Scope. The growing complexity of physical plants and control missions inevitably leads to increasing occurrence, diversity and severity of faults. Availability, defined as the probability that a system or equipment will operate satisfactory and effectively at any point of time, becomes a factor of increasing importance. Fault Tolerant Control (FTC) is a field of research that aims to increase availability and reduce the risk of safety hazards and other undesirable consequences by specifically designing control algorithms capable of maintaining stability and/or performance despite the occurrence of faults. This report presents a novel FTC solution based on a hierarchical architecture in which an adaptive critic controller is overseen by a supervisor managing a dynamic model bank of fault solutions. Findings and conclusions. The presented work has demonstrated that the implementation of a synergistic combination of a reconfigurable controller and a fault diagnosis and controller malfunction detection supervisor based on three distinct quality indexes generates an efficient and reliable FTC architecture.
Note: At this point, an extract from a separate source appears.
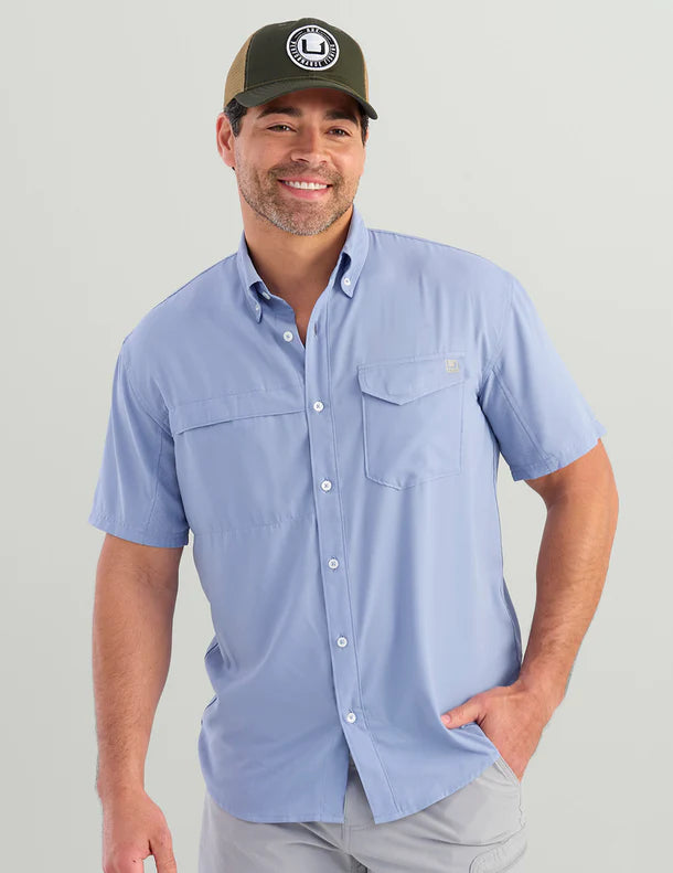 Huk Tide Point Short Sleeve Button-Down in Lightning Sky
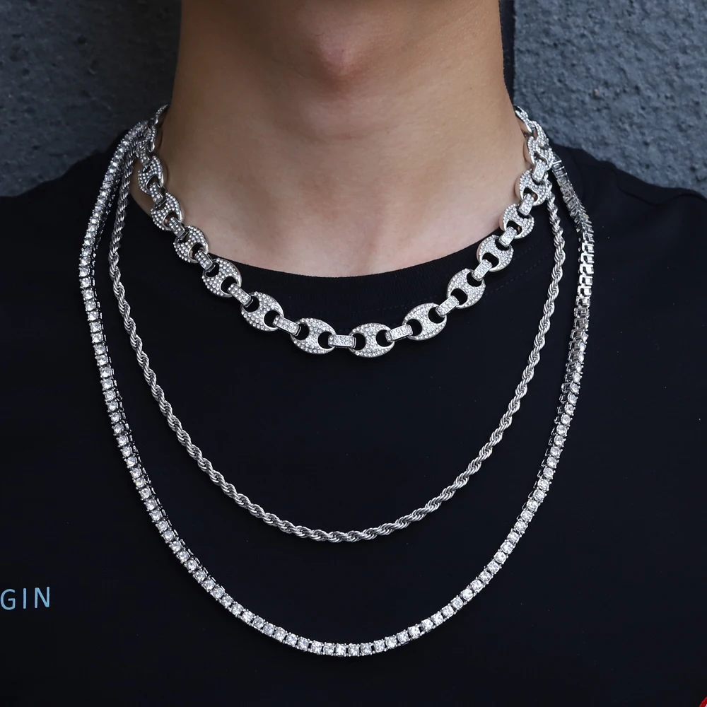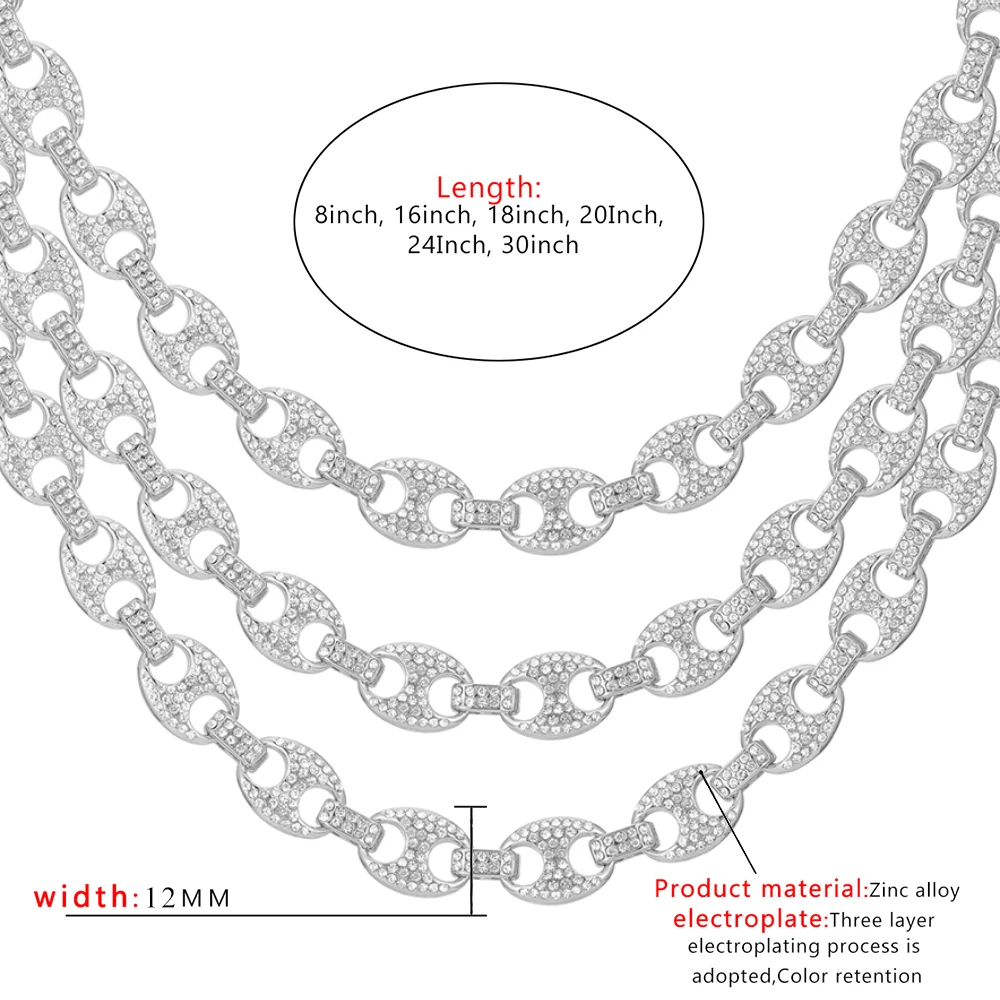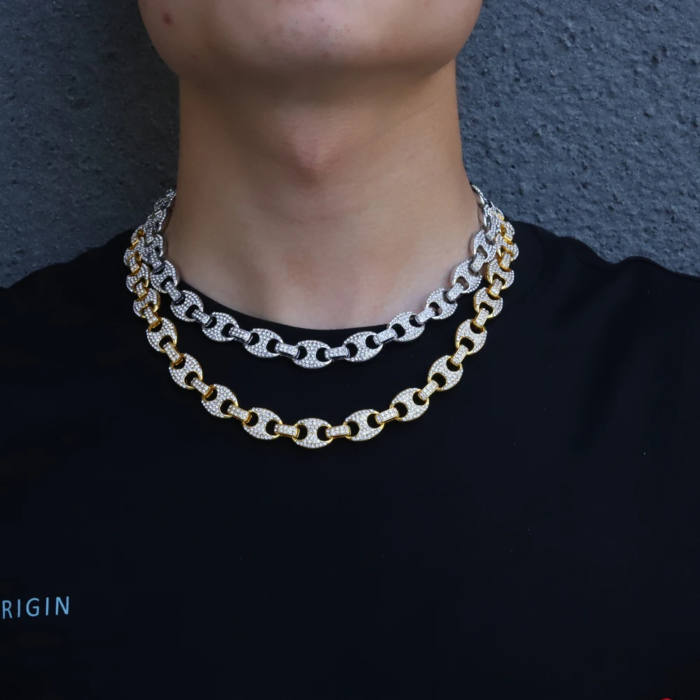 Цепочка мужская из кубинской цепи, ожерелье в стиле хип-хоп, украшение в виде свиньи, носа, стразы, шарм, звено, цепь, сверкающее ювелирное изделие

The application of adaptive critic designs as reconfigurable controllers is shown to give the hierarchical algorithm the degree of flexibility required to deal with both abrupt and incipient unknown changes in the plant dynamics due to faults. The proposed supervisor system is used to accelerate the convergence of the method by loading new initial conditions to the controller when the plant is affected by a known abrupt fault. Moreover, the developed fault diagnosis decision logic is capable of recognizing new fault scenarios and assimilating them online to the dynamic model bank, along with parameters for the corresponding controller. The introduction of the weight quality index has made possible to distinguish between faults in the plant and controller malfunctions caused by online training divergence or local minima convergence. In order to achieve application-specific key FTC specifications, a methodology for initializing and tuning twelve distinct parameters of the quality indexes was also developed. Finally, a series of key steps that form the basis for the fault development information extraction module capable of providing the probability of occurrence of future faults to the user, are also included in this report.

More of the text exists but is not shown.